▶ **AIM OF THE EXERCISE**: Please give the lines below again exactly as they stand, from the one that contains "I call this" up to and including the one that contains "- Durable &", leaving all pictures out.

▶ **SUPPLIED DATA**:
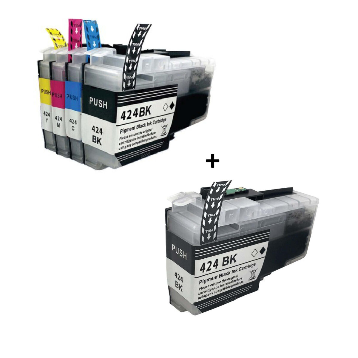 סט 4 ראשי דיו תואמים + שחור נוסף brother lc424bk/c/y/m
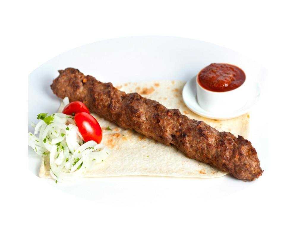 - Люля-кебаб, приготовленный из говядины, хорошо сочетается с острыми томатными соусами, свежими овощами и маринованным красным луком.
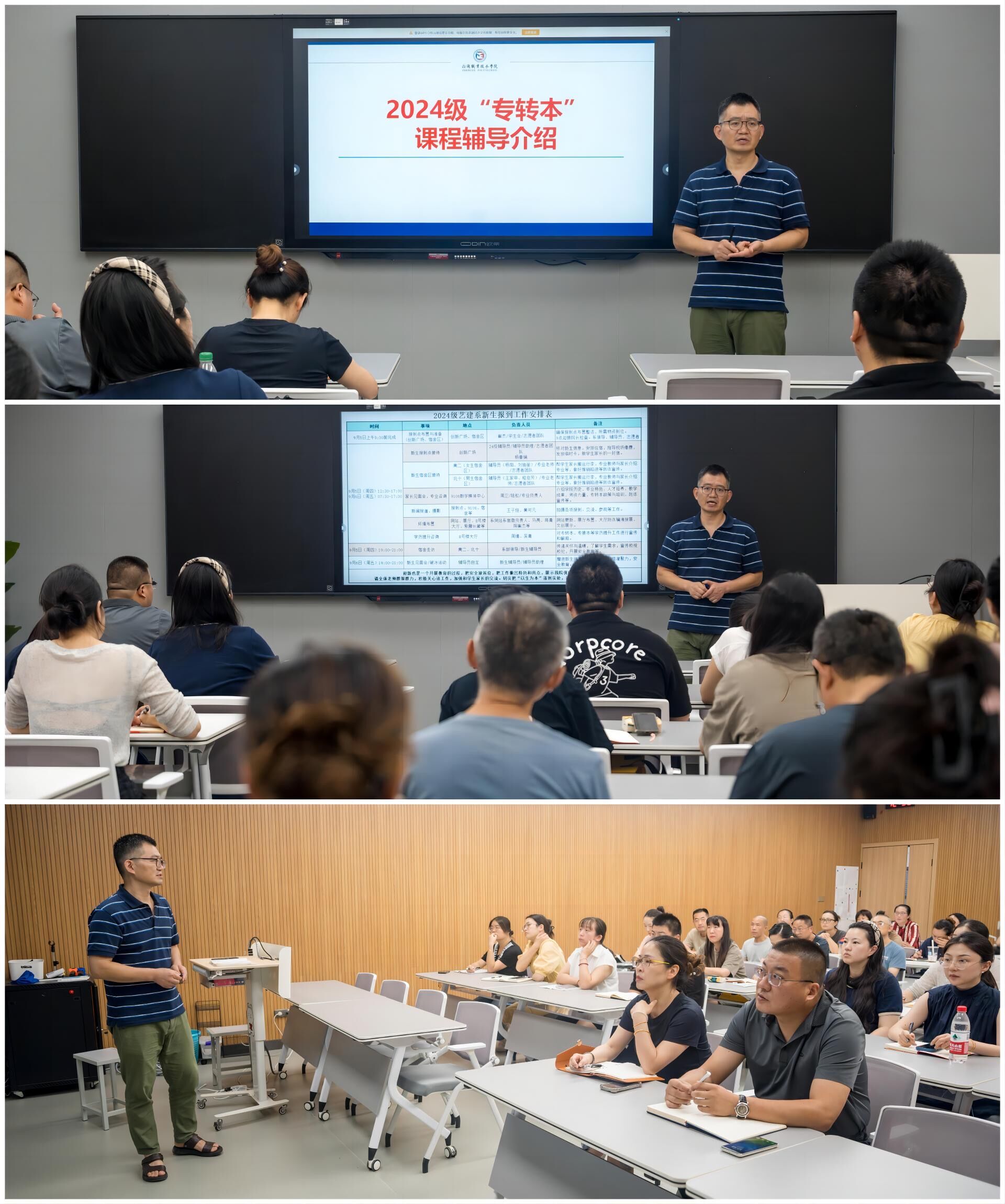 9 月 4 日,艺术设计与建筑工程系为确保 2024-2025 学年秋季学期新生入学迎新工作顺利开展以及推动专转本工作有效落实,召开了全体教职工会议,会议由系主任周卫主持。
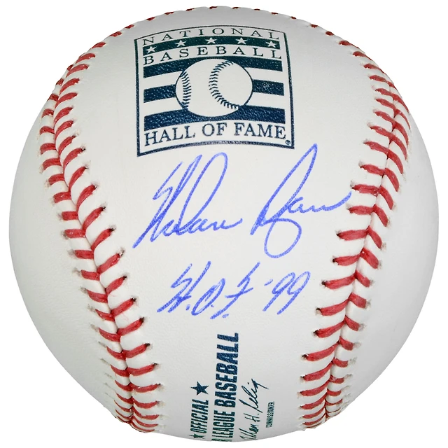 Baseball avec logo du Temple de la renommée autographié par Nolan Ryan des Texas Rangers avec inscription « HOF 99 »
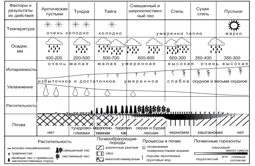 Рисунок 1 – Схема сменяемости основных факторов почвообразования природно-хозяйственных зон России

==

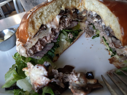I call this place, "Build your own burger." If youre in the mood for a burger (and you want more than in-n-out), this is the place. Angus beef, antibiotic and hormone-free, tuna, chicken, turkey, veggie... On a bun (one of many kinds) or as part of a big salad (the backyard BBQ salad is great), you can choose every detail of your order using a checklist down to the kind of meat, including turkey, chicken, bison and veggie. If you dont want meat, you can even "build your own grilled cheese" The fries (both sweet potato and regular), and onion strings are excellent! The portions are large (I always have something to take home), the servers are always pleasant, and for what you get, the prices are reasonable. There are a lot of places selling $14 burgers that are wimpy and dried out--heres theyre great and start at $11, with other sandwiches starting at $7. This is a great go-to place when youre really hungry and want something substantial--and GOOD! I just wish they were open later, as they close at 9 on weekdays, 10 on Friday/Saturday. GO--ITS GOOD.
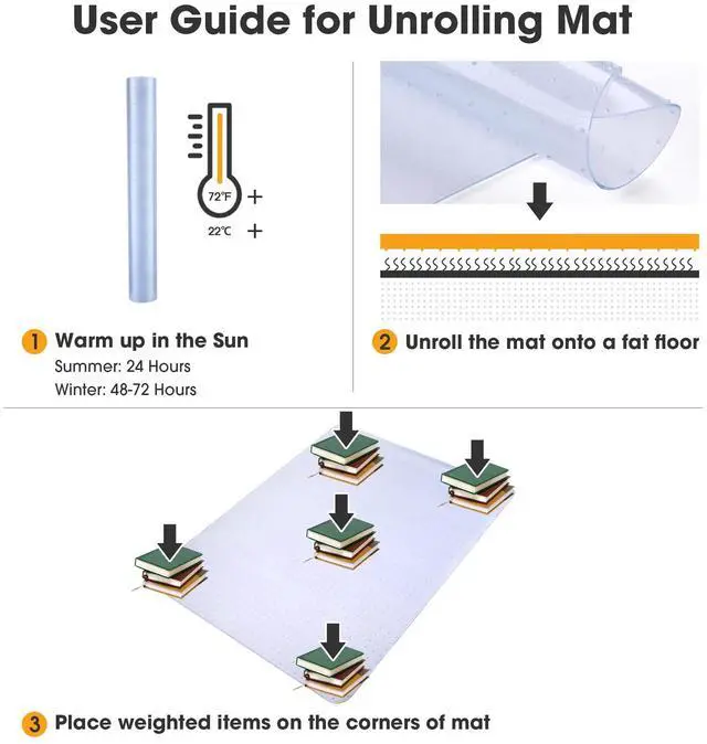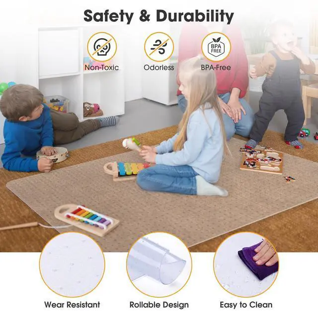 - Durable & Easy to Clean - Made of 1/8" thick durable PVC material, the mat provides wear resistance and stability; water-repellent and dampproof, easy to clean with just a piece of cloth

▶ **ANSWER SPACE**:
I call this place, "Build your own burger." If youre in the mood for a burger (and you want more than in-n-out), this is the place. Angus beef, antibiotic and hormone-free, tuna, chicken, turkey, veggie... On a bun (one of many kinds) or as part of a big salad (the backyard BBQ salad is great), you can choose every detail of your order using a checklist down to the kind of meat, including turkey, chicken, bison and veggie. If you dont want meat, you can even "build your own grilled cheese" The fries (both sweet potato and regular), and onion strings are excellent! The portions are large (I always have something to take home), the servers are always pleasant, and for what you get, the prices are reasonable. There are a lot of places selling $14 burgers that are wimpy and dried out--heres theyre great and start at $11, with other sandwiches starting at $7. This is a great go-to place when youre really hungry and want something substantial--and GOOD! I just wish they were open later, as they close at 9 on weekdays, 10 on Friday/Saturday. GO--ITS GOOD.
 - Durable & Easy to Clean - Made of 1/8" thick durable PVC material, the mat provides wear resistance and stability; water-repellent and dampproof, easy to clean with just a piece of cloth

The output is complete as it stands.